Problem details – Below are records with pictures. Reproduce exactly the lines from the line with "Straight from Santa’s" to the line with "Luchtig, vrouwelijk, kleurrijk", inclusive, and leave each picture out.

Record set –
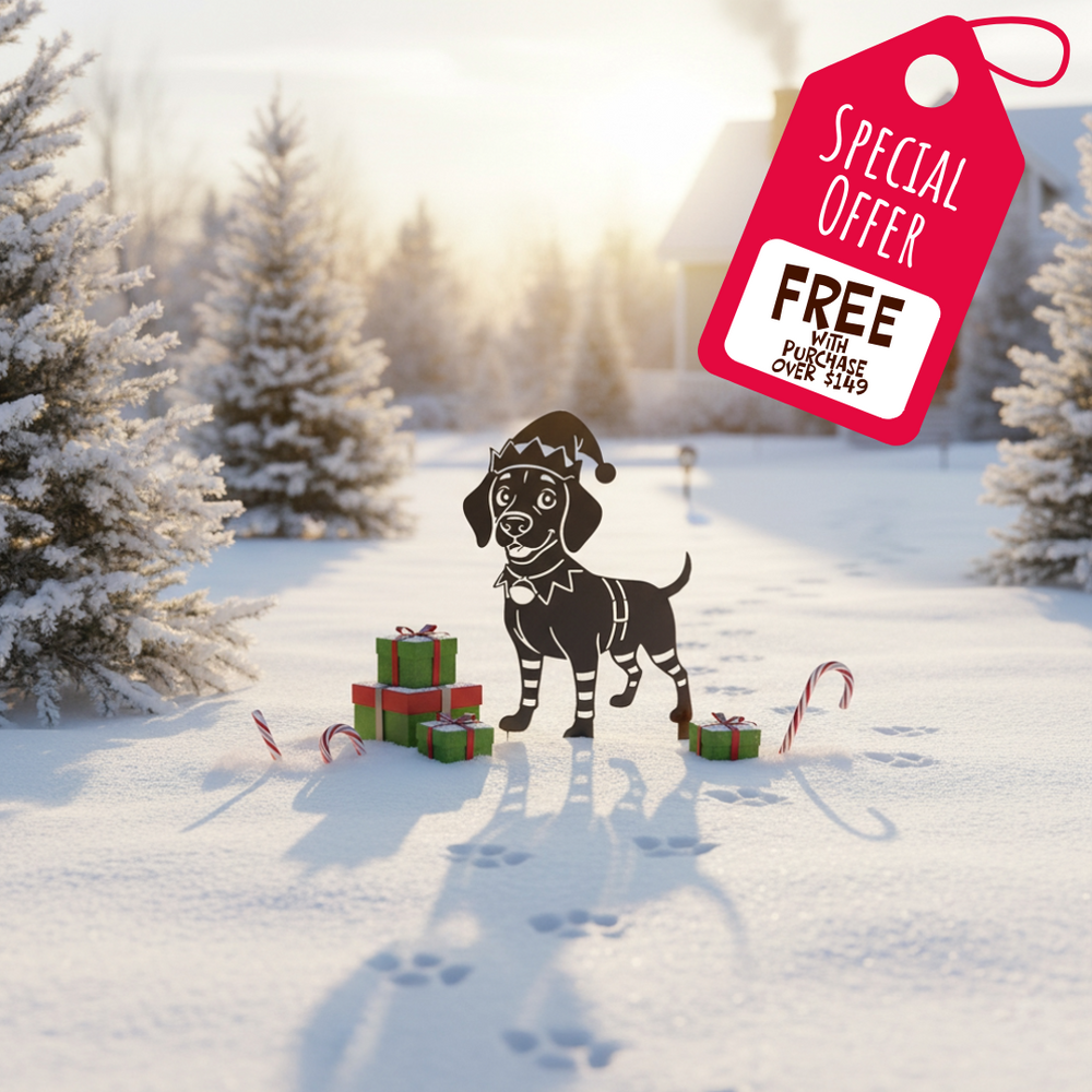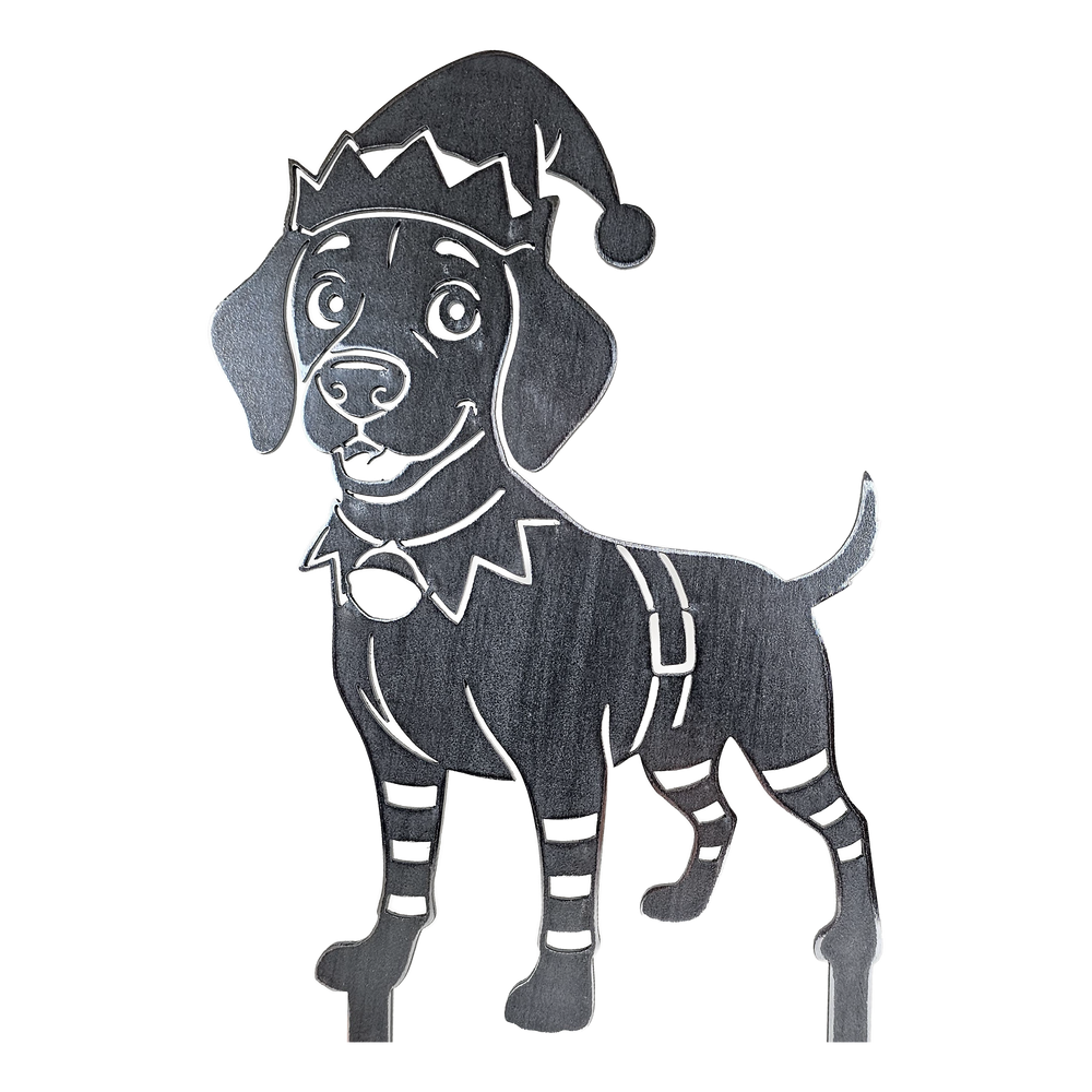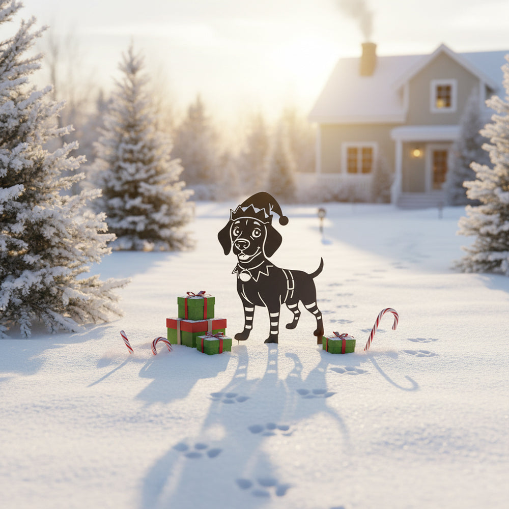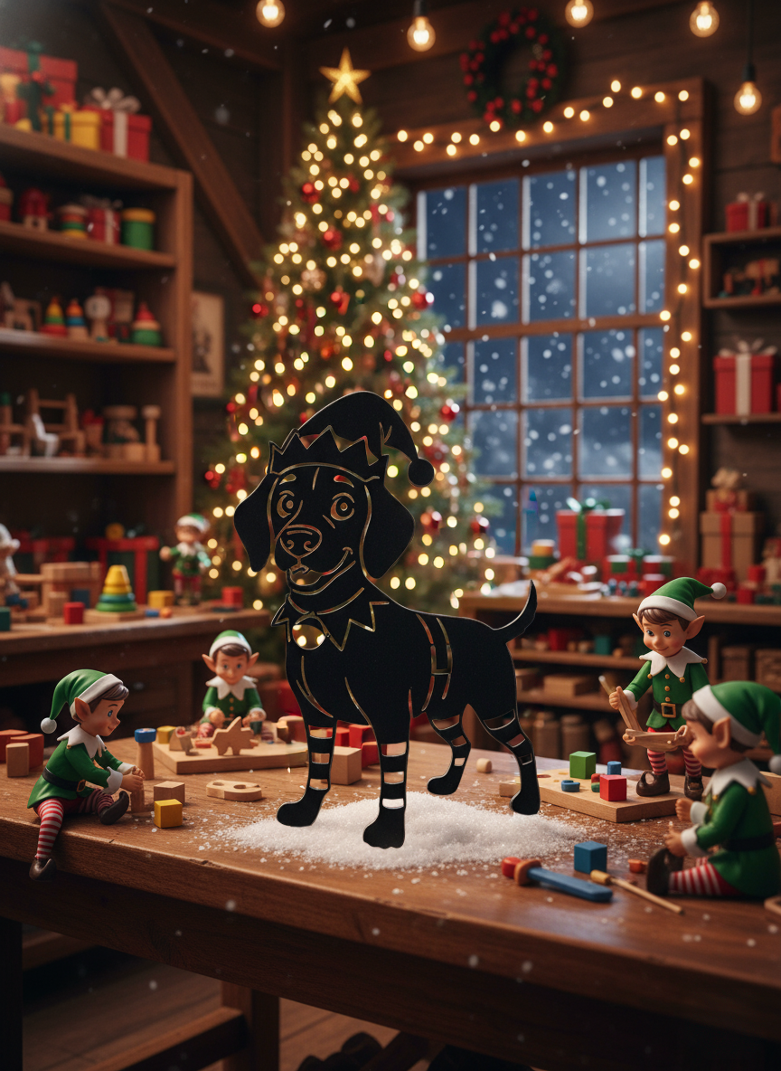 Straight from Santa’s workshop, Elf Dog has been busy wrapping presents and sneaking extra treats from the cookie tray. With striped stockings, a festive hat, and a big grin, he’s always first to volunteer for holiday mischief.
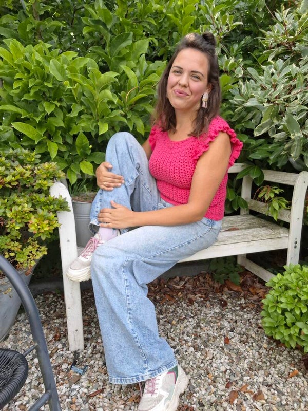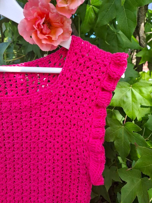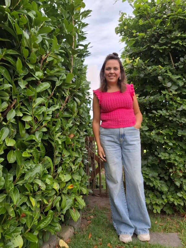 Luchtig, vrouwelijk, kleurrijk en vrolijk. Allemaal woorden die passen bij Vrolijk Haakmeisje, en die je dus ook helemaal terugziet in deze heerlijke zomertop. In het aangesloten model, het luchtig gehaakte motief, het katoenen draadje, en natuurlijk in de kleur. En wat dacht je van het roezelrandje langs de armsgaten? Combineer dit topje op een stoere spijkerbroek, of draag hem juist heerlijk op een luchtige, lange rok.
* * *
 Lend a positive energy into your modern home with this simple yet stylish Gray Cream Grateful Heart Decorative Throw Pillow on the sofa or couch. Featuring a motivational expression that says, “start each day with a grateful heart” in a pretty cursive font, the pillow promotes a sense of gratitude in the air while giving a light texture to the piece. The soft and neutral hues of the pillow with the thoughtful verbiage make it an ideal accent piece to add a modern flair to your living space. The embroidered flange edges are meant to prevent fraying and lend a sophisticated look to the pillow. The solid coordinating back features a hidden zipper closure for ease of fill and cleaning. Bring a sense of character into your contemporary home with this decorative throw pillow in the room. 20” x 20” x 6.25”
---
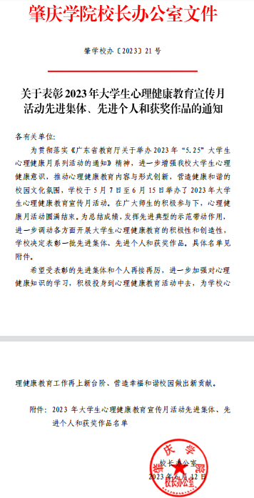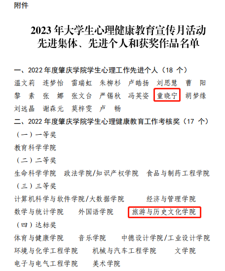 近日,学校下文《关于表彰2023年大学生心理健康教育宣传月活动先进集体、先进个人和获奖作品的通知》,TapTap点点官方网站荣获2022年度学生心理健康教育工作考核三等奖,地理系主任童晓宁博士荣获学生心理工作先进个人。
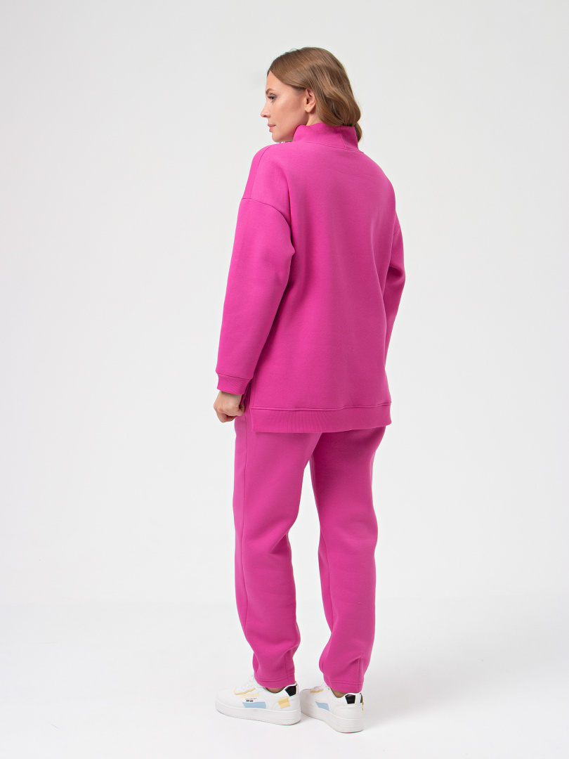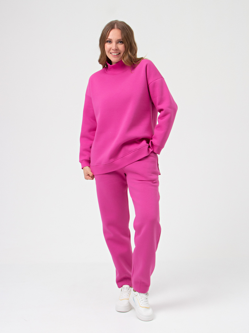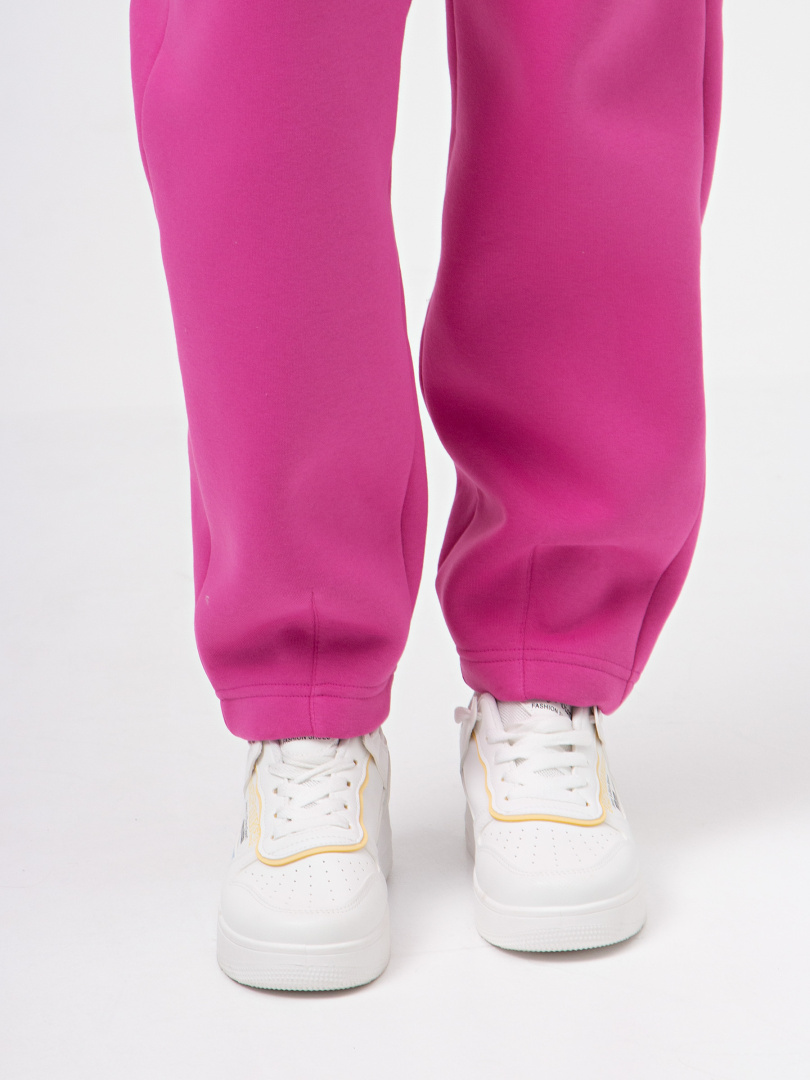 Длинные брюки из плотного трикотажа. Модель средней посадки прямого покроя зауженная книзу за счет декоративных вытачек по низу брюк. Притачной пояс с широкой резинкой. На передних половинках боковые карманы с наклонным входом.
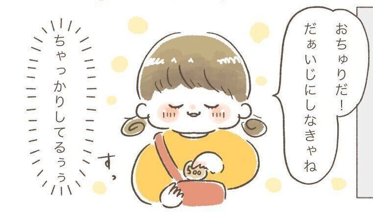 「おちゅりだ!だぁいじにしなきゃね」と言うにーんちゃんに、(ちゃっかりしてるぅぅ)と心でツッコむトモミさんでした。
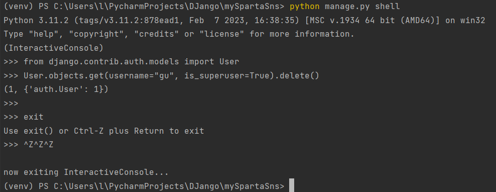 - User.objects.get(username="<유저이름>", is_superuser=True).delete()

Completed task –
 Straight from Santa’s workshop, Elf Dog has been busy wrapping presents and sneaking extra treats from the cookie tray. With striped stockings, a festive hat, and a big grin, he’s always first to volunteer for holiday mischief.
 Luchtig, vrouwelijk, kleurrijk en vrolijk. Allemaal woorden die passen bij Vrolijk Haakmeisje, en die je dus ook helemaal terugziet in deze heerlijke zomertop. In het aangesloten model, het luchtig gehaakte motief, het katoenen draadje, en natuurlijk in de kleur. En wat dacht je van het roezelrandje langs de armsgaten? Combineer dit topje op een stoere spijkerbroek, of draag hem juist heerlijk op een luchtige, lange rok.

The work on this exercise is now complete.